I showed that that [[ is the "compile-time" version of [, illustrating the difference between parsing up front vs. parsing during execution. The latter opens up the possibility of depending on arbitrary execution state, which makes parsing undecidable. All shells that implement [[ parse it up front.
Even when it's possible to parse up front, all popular shells defer some parsing to execution time, e.g. what's inside ${} or $().
OSH uses the technique of lexical state to parse up front, in a single pass. I believe this strategy is simpler, faster, and results in a better user experience.
In this post, I showed the only construct in bash that's impossible to parse up front. Then I proposed a simple fix: always quote string literals used as array keys.

Appendix: Parsing C++, Perl, and Make is Also Undecidable

Similar issues come up in other programming languages.

Parsing C++ is Literally Undecidable. As far as I understand, the issue is that C++ has two Turing-complete execution contexts: compile-time and runtime, and parsing sits between them.
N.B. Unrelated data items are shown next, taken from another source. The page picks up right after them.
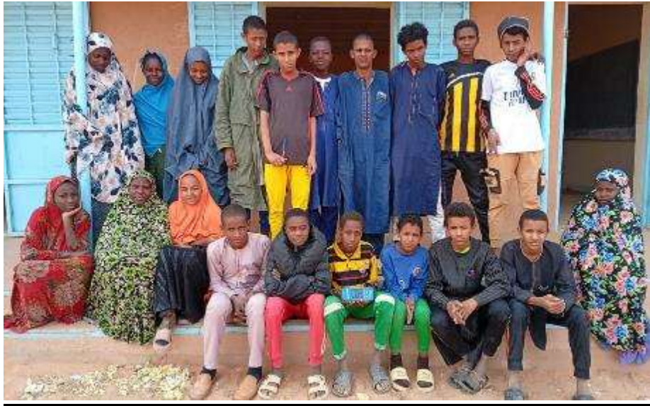
21 en 5 ème : 13 garçons -8 filles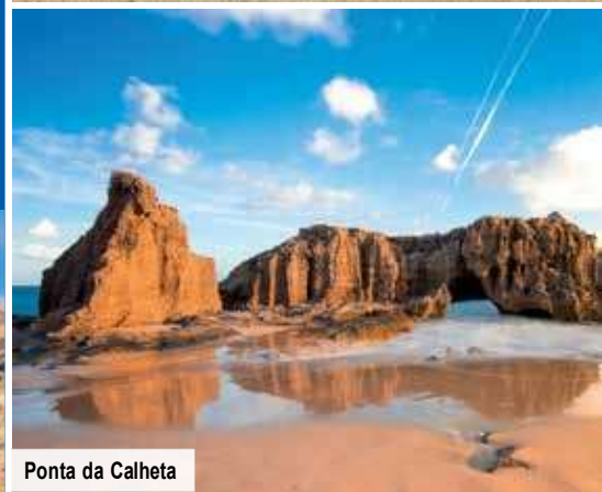
Ponta da Calheta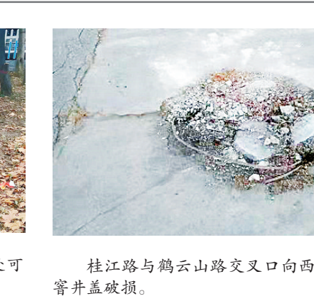
桂江路与鹤云山路交叉处向西约50米路南，窨井盖破损。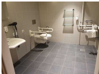
Bad in Zimmer 411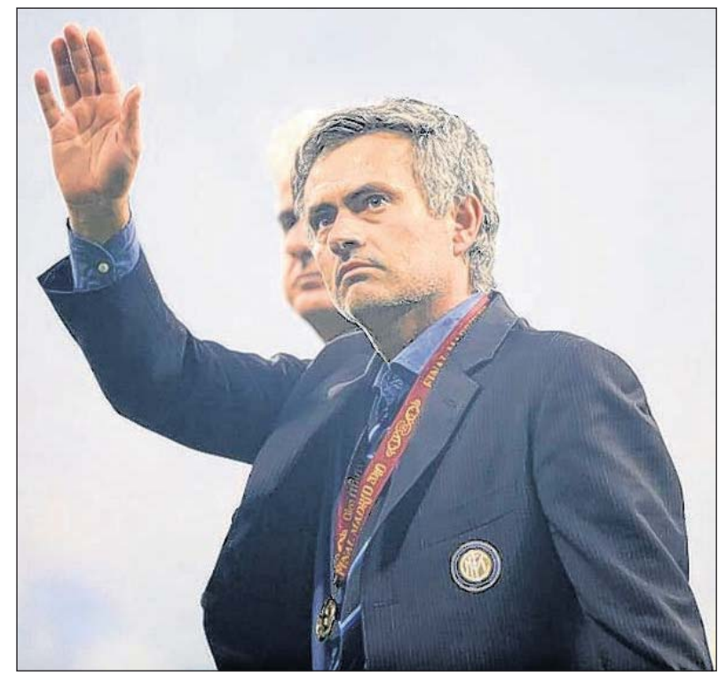
Inter-coach José Mourinho.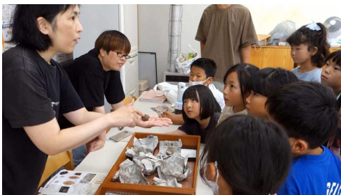
化石（光記念館から）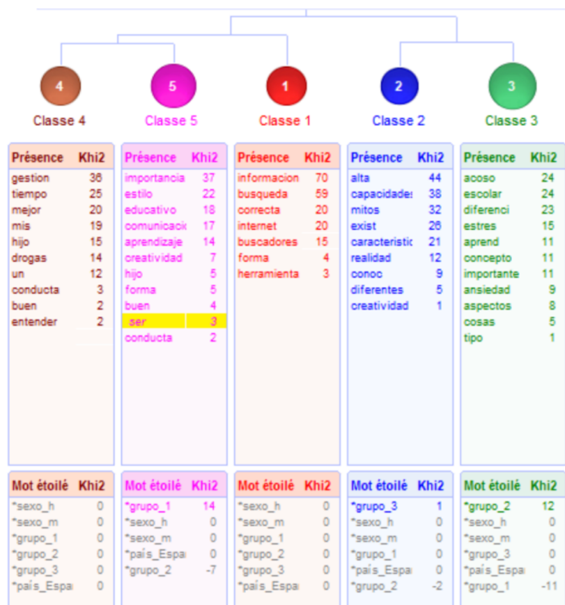
Dendrograma pregunta 1: Aprendizajes

En la tabla 6 se plantea la información de las cinco clases, las cuales hacen referencia a los cinco temas que más han aprendido los participantes del programa. Dichas categorías han sido denominadas como: búsqueda de información , altas capacidades , acoso escolar , gestión del tiempo y estilo educativo . Asimismo, se presenta la unidad de contexto elemental (UCE) de cada una de ellas, el porcentaje del corpus del texto que representa y la palabra con mayor frecuencia de aparición.

Parsing can depend on arbitrary compile-time computation, making it undecidable.

Parsing Perl Considered Undecidable.

What does this code mean?

whatever / 25 ; # / ; die "this dies!";

Kati internals. Kati is a modern parser for GNU Make, and it finds that parsing and execution are interleaved.

What does this code mean?

$(VAR)
    X=hoge echo $${X}

I'll let you decide whether these are language design errors. On the one hand, these are obscure corners that don't come up very often.
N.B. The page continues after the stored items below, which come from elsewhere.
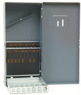
#12130 【リーマ用 25本】 ¥6,600 1.0~13.0mm / (0.5とび)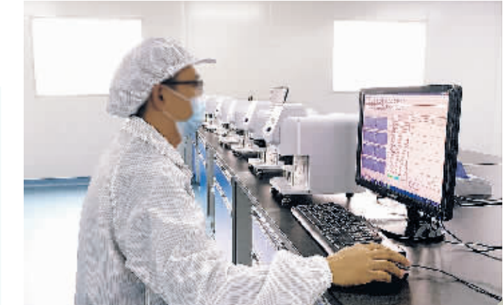
金玖生物公司工作人员进行产品测试。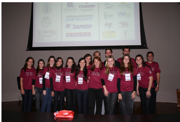
Figura 20 – Comissão Organizadora.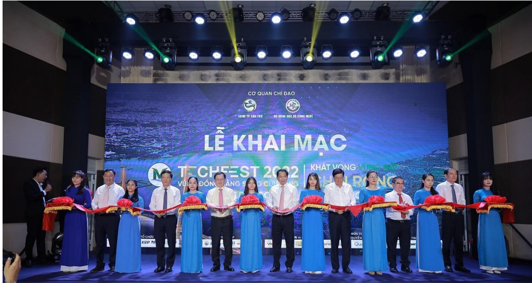
Các đại biểu cắt băng khai mạc.

Ngày 19-20/10/2022, Ngày hội khởi nghiệp Đổi mới sáng tạo Vùng Đồng bằng sông Cửu Long - Techfest Mekong 2022 với chủ đề “Khát vọng vùng đất Chín Rồng” dưới sự chỉ đạo của Ủy ban nhân dân thành phố Cần Thơ; Bộ Khoa học và Công nghệ, được tổ chức bởi Sở Khoa học và Công nghệ thành phố Cần Thơ (Sở KH&CN), Cục Phát triển thị trường và doanh nghiệp khoa học và công nghệ (Cục PTTTĐN), Trung tâm hỗ trợ khởi nghiệp sáng tạo quốc gia, Văn phòng Đề án 844, Chi nhánh Phòng Thương mại và Công nghiệp Việt Nam (VCCI) tại Cần Thơ, với sự đồng hành của Tập đoàn Qualcomm Việt Nam, các Làng công nghệ quốc gia, các nhóm khởi nghiệp cùng một số đại diện đại sứ quán, đại biểu trong, ngoài tỉnh. tại Vườn ươm Công nghệ Công nghiệp Việt Nam – Hàn Quốc.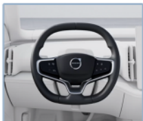
Volante deportivo cuadrado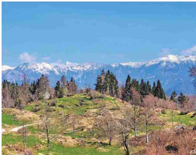
Pogled iz opustelih zaselkov Vrše na Julijce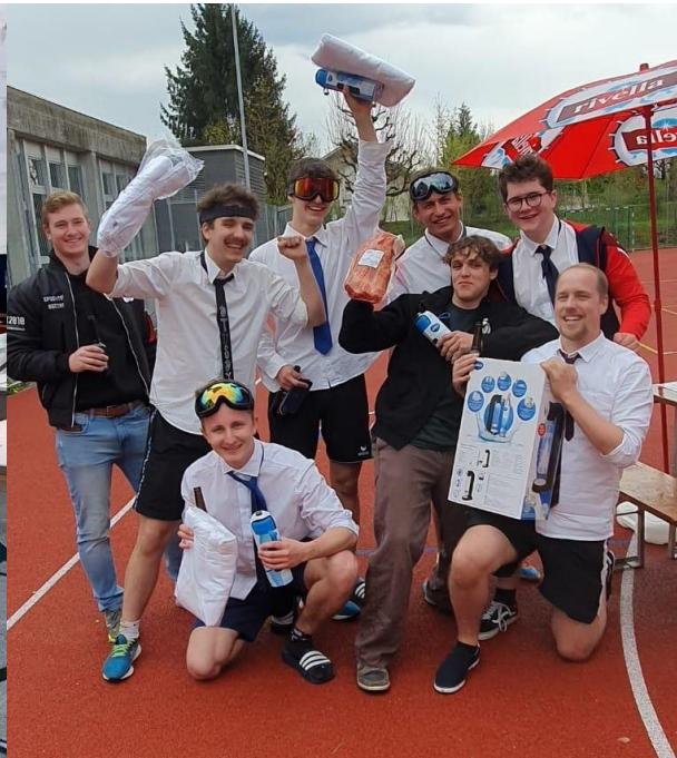
ESV Active 2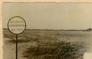
Dundo - Aeródromo.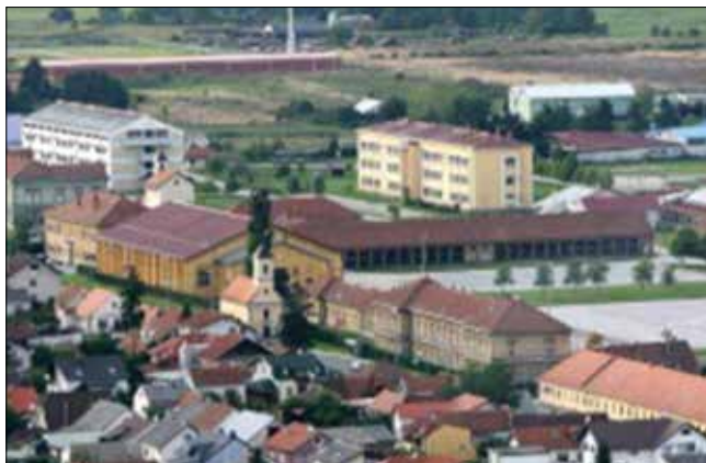
Slika 7. Lokacija Optujska (Izvor: Strateški plan razvoja turizma Grada Varaždina do 2020, Institut za turizam, 2013, 85.)

O zdravstveno-turističkim potencijalima Varaždina već je navedeno u poglavlju 3. 1. ovog rada, tako da će se u ovom potpoglavlju samo podrobnije opisati iskoristivost bivše vojarne u Optujskoj ulici kao jedne od najprikladnijih lokacija za brownfield investiciju u Hrvatskom zagorju i šire.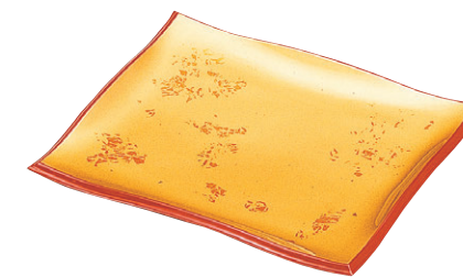
8-480-2 A (小) 清流盛器 1-694-2 色紙金箔測朱 S・H 塗 ¥2,750 (27×22.7×3.3) 梱40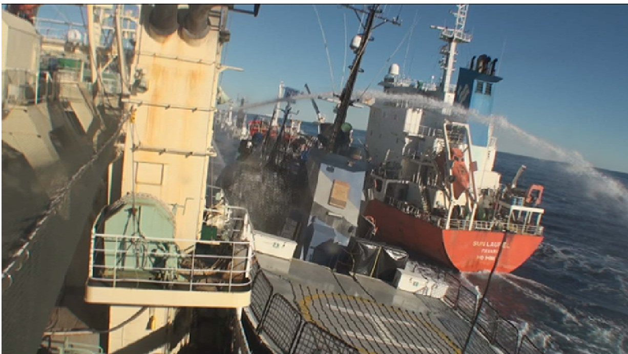
4. 写真3と同じ場면을船尾側から撮影 (2013年2月25日)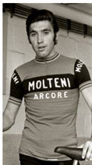
Eddy Merckx (1973)

Brusel je specifický cyklistický případ nejen pro závodníky, ale i pro obyčejné „šlapálisty“. Nemá sice takové kopce jako například Praha, ale placka jako Kodaň nebo Amsterdam to rozhodně není. V jeho výškově nevyrovnaném reliéfu se dost nadřeje. Kromě náročnějšího terénu, nevyzpytatelného počasí a dennodenních dopravních zácp musíte počítat i s tím, že cesty a úzké ulice nejsou v nejlepší kondici. Přesto se v Bruselu na kolech, elektrokolech, luxusních skládačkách, koloběžkách, elektrických trottinette , retro silničkách, obstarožních „horáčích“, co už mají za sebou několik kolizí, zrezivělých veteránech, elegantních klasikách, bytelných holandských a robustních německých bicyklech s vozítky pro rozvoz zboží, vytuněných hipsterských krasavicích, elektrických monokolech, lehokolech, speciálních vélo cargo s elektrickým motorem a nosičem pro děti (případně psy) někdy s bakelitovou střechou nebo vtipné le tandem pro dvě osoby prohánějí jak studenti, tak i bruselští euroúředníci. Celkem běžně potkáte nastrojené dámy v kostýmcích a lodičkách na jehličkových podpatcích, které neztrácejí nic ze své elegance ani na kole. Nejvic mě asi šokoval mladý tatiněk, když na rozvrzaném horském kole vezl sebe a tři děti – jedno v přední sedačce, druhé v zadní a v zadu na speciální spodní ližině ještě miminko. Nebo kamarádka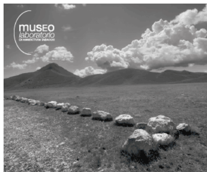
( https://www.museolaboratorio.org/la-natura-delle-cose/ )

Utilizziamo i cookie per essere sicuri che tu possa avere la migliore esperienza sul nostro sito. Se continui ad utilizzare questo sito noi assumiamo che tu ne sia felice.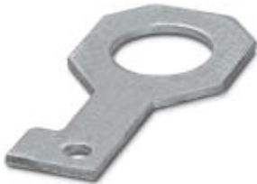
Plate for fixing the FLT-ISG-100-EX isolating spark gap to a flange, drill hole diameter of 42 mm.

Please be informed that the data shown in this PDF Document is generated from our Online Catalog. Please find the complete data in the user's documentation. Our General Terms of Use for Downloads are valid ( http://phoenixcontact.com/download )

On the other hand, C++, Perl, Make, and bash all have a reputation for being difficult to learn, in a large part due to their syntax. Languages like Python and Java don't have these types of issues.

On a related note, parsing JavaScript is relatively easy, and gives the expected parse errors. But it does have a lack of runtime errors, preferring nonsensical type coercion to stopping the program. The shell shares this unfortunate property. Future posts will discuss how OSH will improve upon this situation.